-- Dataset extract follows --
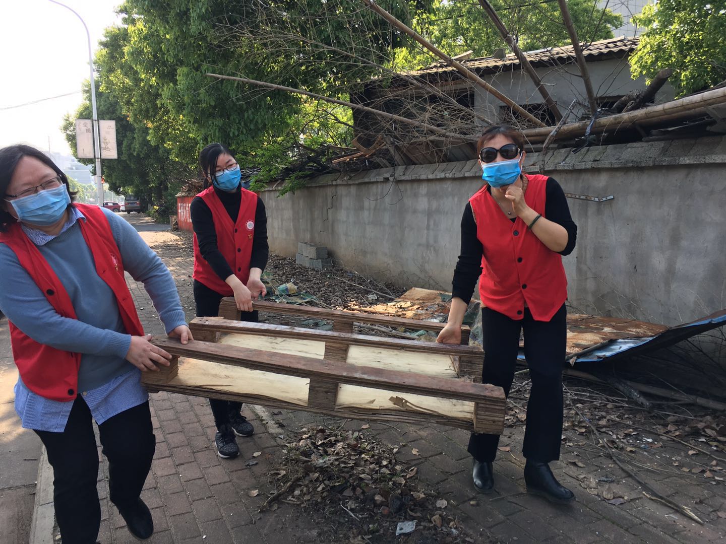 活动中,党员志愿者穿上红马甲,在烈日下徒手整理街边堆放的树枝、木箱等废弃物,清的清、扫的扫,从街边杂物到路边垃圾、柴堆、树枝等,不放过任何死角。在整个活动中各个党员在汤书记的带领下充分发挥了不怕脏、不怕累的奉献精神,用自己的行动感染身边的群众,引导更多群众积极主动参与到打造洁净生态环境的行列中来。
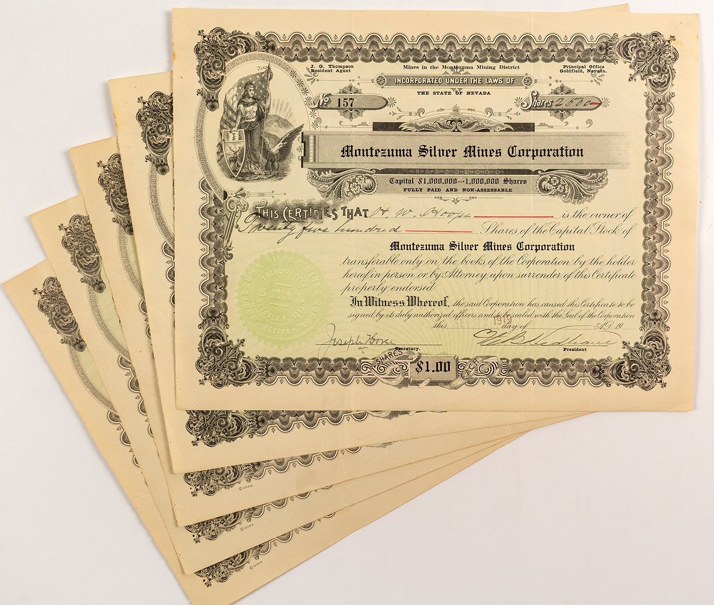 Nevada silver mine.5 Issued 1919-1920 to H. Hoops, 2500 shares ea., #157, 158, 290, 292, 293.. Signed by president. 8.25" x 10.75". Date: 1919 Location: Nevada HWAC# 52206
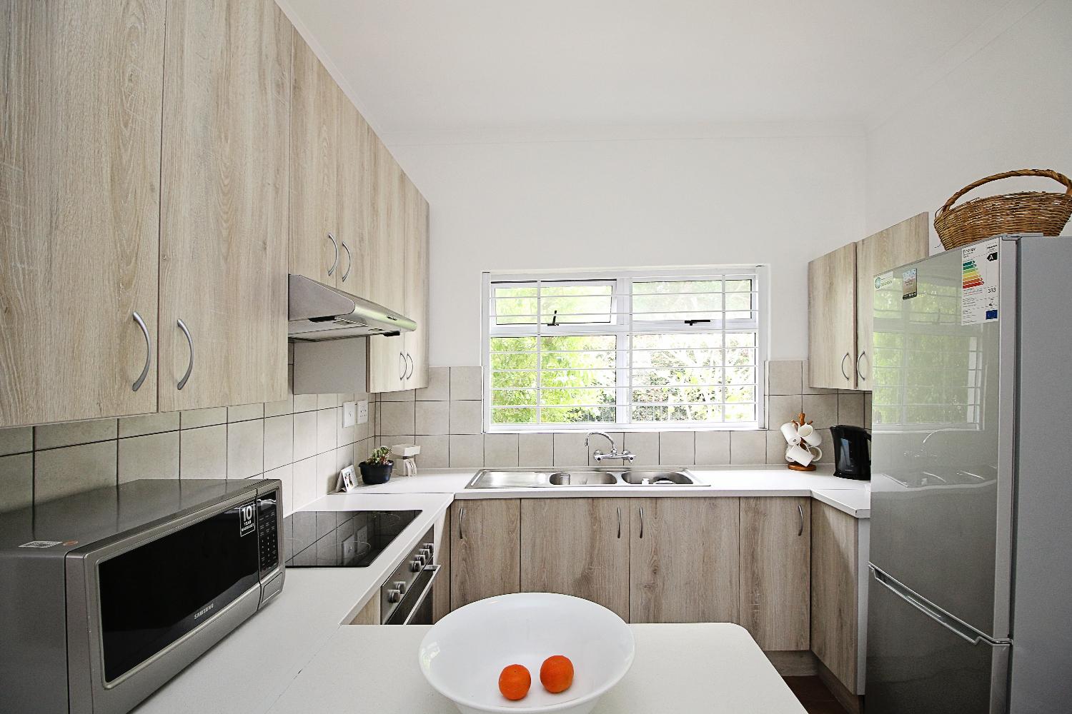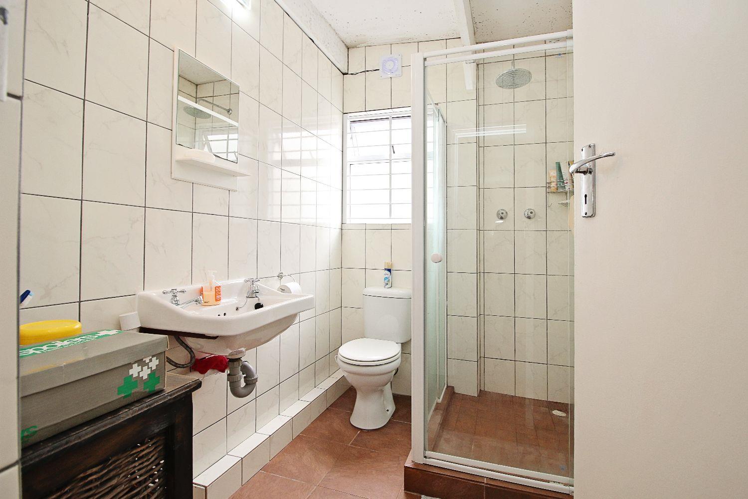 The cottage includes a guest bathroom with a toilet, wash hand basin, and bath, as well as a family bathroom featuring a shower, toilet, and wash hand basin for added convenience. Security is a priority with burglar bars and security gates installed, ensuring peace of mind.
-- Dataset extract concluded --
▶ What needs to be done
Pictures are to be omitted. Print exactly the lines from the line containing "Nevada silver mine.5" through the final line of the material above, both included.

▶ Result
 Nevada silver mine.5 Issued 1919-1920 to H. Hoops, 2500 shares ea., #157, 158, 290, 292, 293.. Signed by president. 8.25" x 10.75". Date: 1919 Location: Nevada HWAC# 52206
 The cottage includes a guest bathroom with a toilet, wash hand basin, and bath, as well as a family bathroom featuring a shower, toilet, and wash hand basin for added convenience. Security is a priority with burglar bars and security gates installed, ensuring peace of mind.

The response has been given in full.